Your goal: Your task is to transcribe the records exactly, skipping every image.

[Data items]
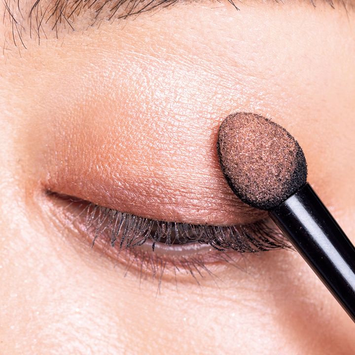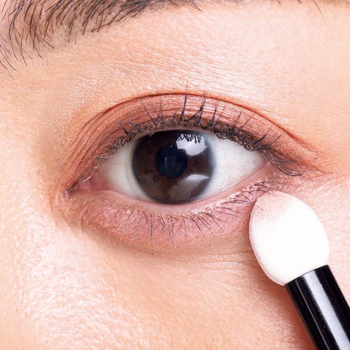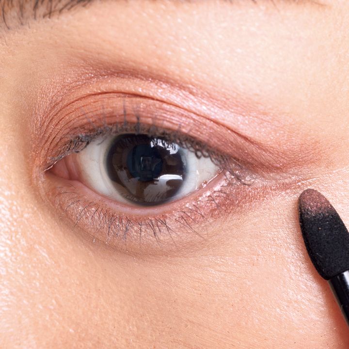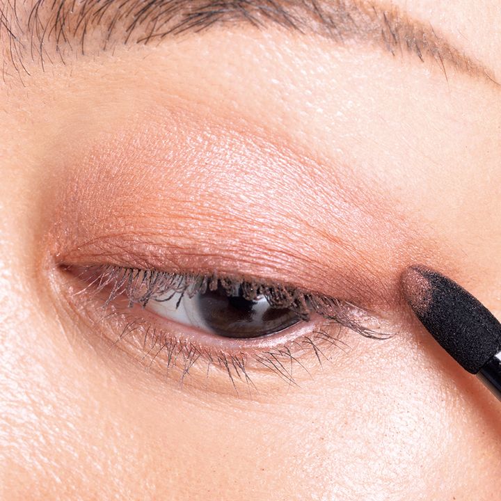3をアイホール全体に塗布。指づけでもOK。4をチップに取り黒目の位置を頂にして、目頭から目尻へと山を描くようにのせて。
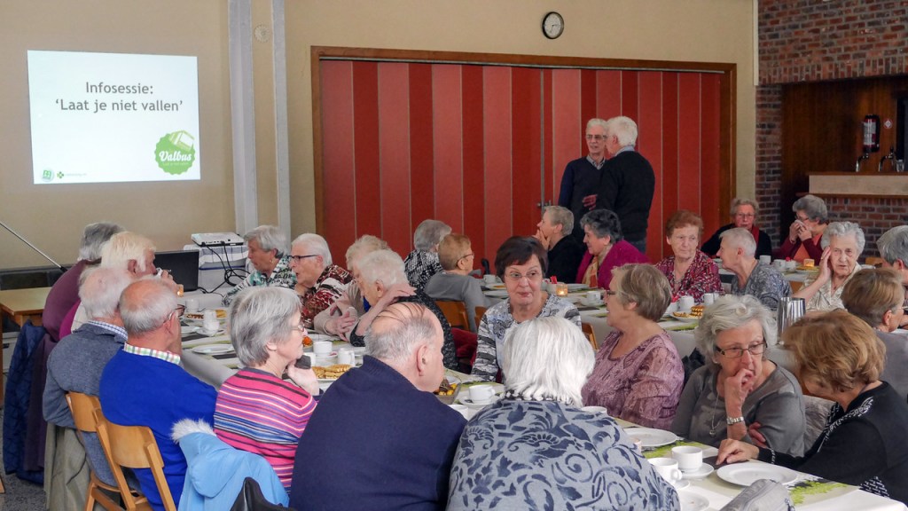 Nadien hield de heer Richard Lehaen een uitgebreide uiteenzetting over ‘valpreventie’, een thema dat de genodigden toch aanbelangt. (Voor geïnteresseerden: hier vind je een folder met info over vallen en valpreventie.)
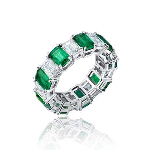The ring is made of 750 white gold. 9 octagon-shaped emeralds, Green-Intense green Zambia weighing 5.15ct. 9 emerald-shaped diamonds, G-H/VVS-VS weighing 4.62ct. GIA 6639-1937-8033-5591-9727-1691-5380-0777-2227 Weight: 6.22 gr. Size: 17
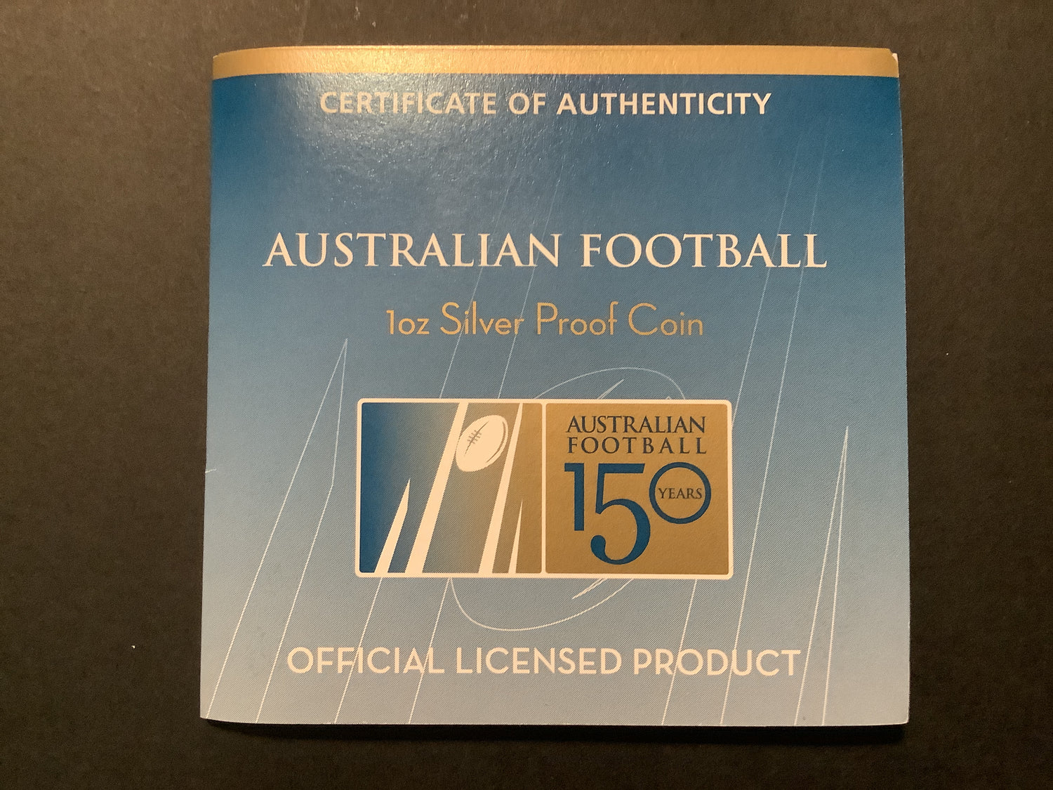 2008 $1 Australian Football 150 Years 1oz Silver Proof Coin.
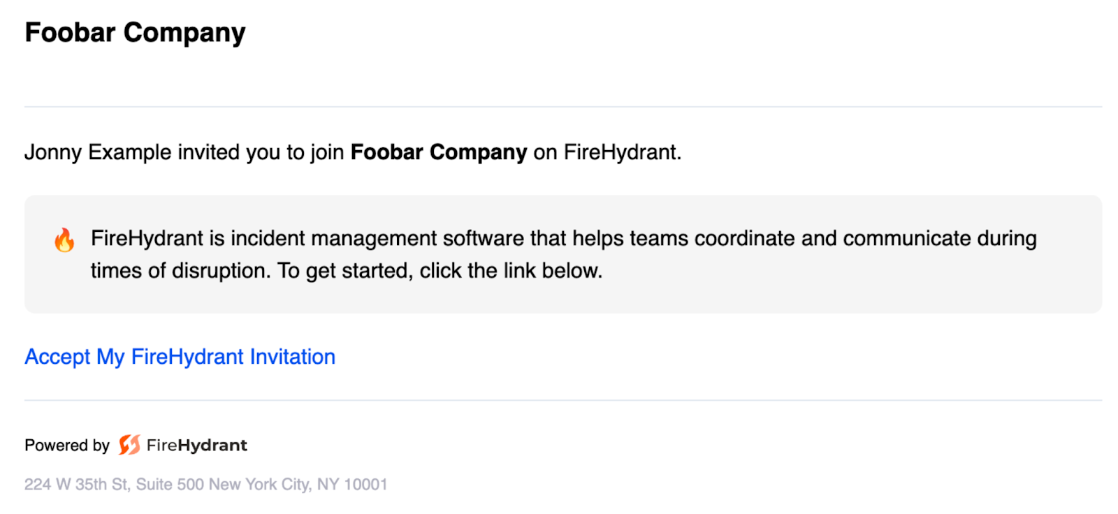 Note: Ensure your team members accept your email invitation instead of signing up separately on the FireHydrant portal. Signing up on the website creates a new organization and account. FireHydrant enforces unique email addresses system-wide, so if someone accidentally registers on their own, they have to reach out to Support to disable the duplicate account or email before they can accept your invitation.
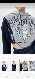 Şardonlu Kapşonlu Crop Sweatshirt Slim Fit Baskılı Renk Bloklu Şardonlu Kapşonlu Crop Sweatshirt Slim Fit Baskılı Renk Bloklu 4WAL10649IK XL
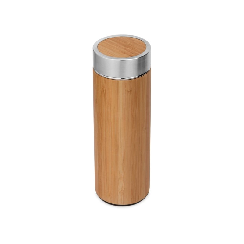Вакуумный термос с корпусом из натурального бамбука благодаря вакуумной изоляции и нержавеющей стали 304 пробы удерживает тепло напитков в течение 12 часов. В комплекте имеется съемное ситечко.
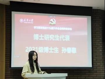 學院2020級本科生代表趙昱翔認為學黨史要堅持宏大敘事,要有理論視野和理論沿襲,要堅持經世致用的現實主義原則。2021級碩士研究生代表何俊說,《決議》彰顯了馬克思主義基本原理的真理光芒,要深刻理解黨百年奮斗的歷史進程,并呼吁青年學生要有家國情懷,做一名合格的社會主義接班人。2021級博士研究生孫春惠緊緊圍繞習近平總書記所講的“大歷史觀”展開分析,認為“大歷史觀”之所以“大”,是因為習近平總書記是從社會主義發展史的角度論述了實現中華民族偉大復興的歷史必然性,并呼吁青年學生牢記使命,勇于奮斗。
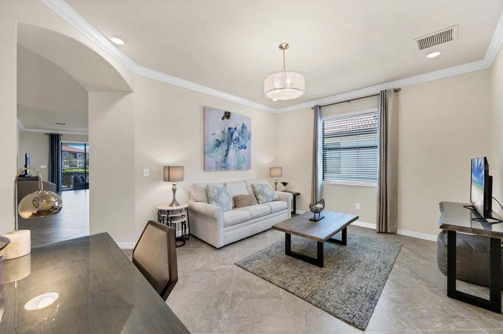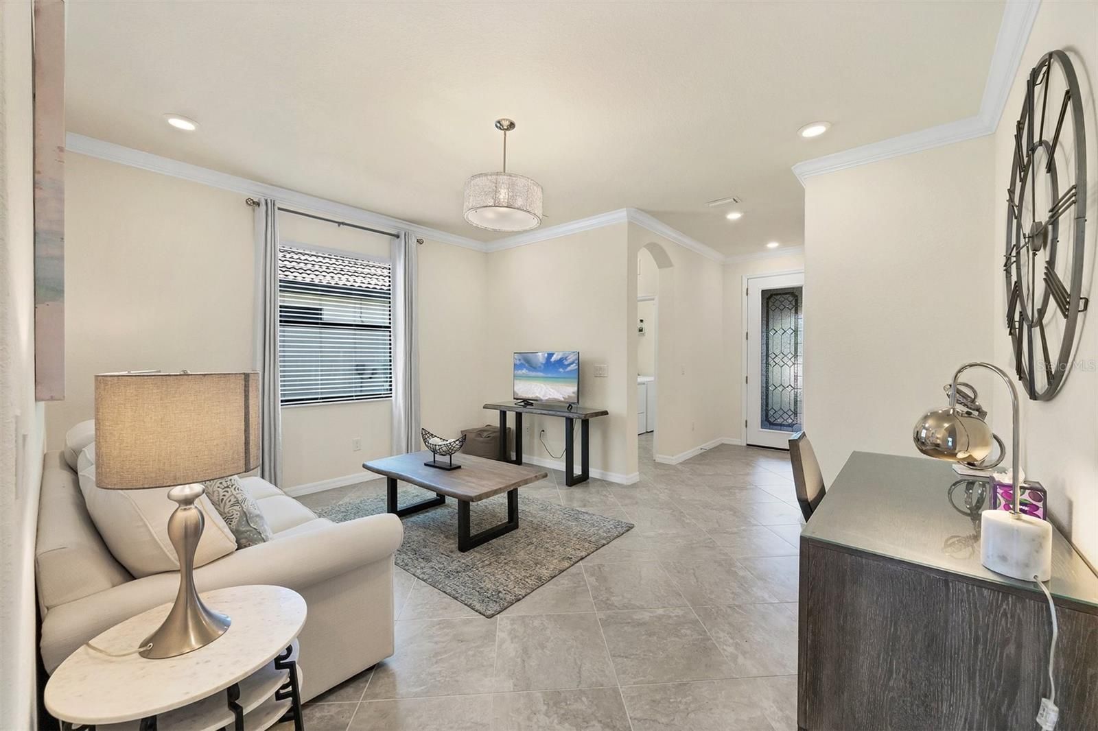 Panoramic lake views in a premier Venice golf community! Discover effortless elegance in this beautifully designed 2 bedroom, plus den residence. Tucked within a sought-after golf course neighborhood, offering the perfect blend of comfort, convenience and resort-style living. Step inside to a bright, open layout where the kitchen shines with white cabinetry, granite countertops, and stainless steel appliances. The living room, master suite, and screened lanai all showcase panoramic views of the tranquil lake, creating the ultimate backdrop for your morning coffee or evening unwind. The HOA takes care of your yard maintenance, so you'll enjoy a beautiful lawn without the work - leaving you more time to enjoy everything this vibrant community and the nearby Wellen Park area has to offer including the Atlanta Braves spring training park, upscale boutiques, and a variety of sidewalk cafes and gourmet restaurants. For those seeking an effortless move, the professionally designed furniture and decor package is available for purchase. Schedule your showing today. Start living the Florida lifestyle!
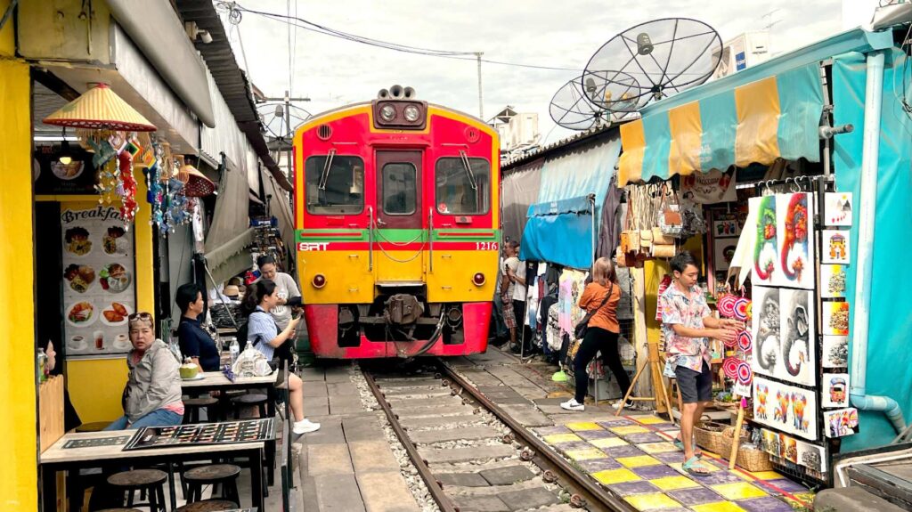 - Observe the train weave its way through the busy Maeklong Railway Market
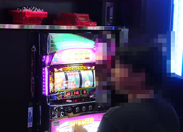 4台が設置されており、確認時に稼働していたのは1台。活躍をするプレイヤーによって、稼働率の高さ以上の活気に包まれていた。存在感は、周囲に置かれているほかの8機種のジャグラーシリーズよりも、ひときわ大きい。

Answer to this problem:
3をアイホール全体に塗布。指づけでもOK。4をチップに取り黒目の位置を頂にして、目頭から目尻へと山を描くようにのせて。
 Nadien hield de heer Richard Lehaen een uitgebreide uiteenzetting over ‘valpreventie’, een thema dat de genodigden toch aanbelangt. (Voor geïnteresseerden: hier vind je een folder met info over vallen en valpreventie.)
The ring is made of 750 white gold. 9 octagon-shaped emeralds, Green-Intense green Zambia weighing 5.15ct. 9 emerald-shaped diamonds, G-H/VVS-VS weighing 4.62ct. GIA 6639-1937-8033-5591-9727-1691-5380-0777-2227 Weight: 6.22 gr. Size: 17
 2008 $1 Australian Football 150 Years 1oz Silver Proof Coin.
 Note: Ensure your team members accept your email invitation instead of signing up separately on the FireHydrant portal. Signing up on the website creates a new organization and account. FireHydrant enforces unique email addresses system-wide, so if someone accidentally registers on their own, they have to reach out to Support to disable the duplicate account or email before they can accept your invitation.
 Şardonlu Kapşonlu Crop Sweatshirt Slim Fit Baskılı Renk Bloklu Şardonlu Kapşonlu Crop Sweatshirt Slim Fit Baskılı Renk Bloklu 4WAL10649IK XL
Вакуумный термос с корпусом из натурального бамбука благодаря вакуумной изоляции и нержавеющей стали 304 пробы удерживает тепло напитков в течение 12 часов. В комплекте имеется съемное ситечко.
 學院2020級本科生代表趙昱翔認為學黨史要堅持宏大敘事,要有理論視野和理論沿襲,要堅持經世致用的現實主義原則。2021級碩士研究生代表何俊說,《決議》彰顯了馬克思主義基本原理的真理光芒,要深刻理解黨百年奮斗的歷史進程,并呼吁青年學生要有家國情懷,做一名合格的社會主義接班人。2021級博士研究生孫春惠緊緊圍繞習近平總書記所講的“大歷史觀”展開分析,認為“大歷史觀”之所以“大”,是因為習近平總書記是從社會主義發展史的角度論述了實現中華民族偉大復興的歷史必然性,并呼吁青年學生牢記使命,勇于奮斗。
 Panoramic lake views in a premier Venice golf community! Discover effortless elegance in this beautifully designed 2 bedroom, plus den residence. Tucked within a sought-after golf course neighborhood, offering the perfect blend of comfort, convenience and resort-style living. Step inside to a bright, open layout where the kitchen shines with white cabinetry, granite countertops, and stainless steel appliances. The living room, master suite, and screened lanai all showcase panoramic views of the tranquil lake, creating the ultimate backdrop for your morning coffee or evening unwind. The HOA takes care of your yard maintenance, so you'll enjoy a beautiful lawn without the work - leaving you more time to enjoy everything this vibrant community and the nearby Wellen Park area has to offer including the Atlanta Braves spring training park, upscale boutiques, and a variety of sidewalk cafes and gourmet restaurants. For those seeking an effortless move, the professionally designed furniture and decor package is available for purchase. Schedule your showing today. Start living the Florida lifestyle!
 - Observe the train weave its way through the busy Maeklong Railway Market
 4台が設置されており、確認時に稼働していたのは1台。活躍をするプレイヤーによって、稼働率の高さ以上の活気に包まれていた。存在感は、周囲に置かれているほかの8機種のジャグラーシリーズよりも、ひときわ大きい。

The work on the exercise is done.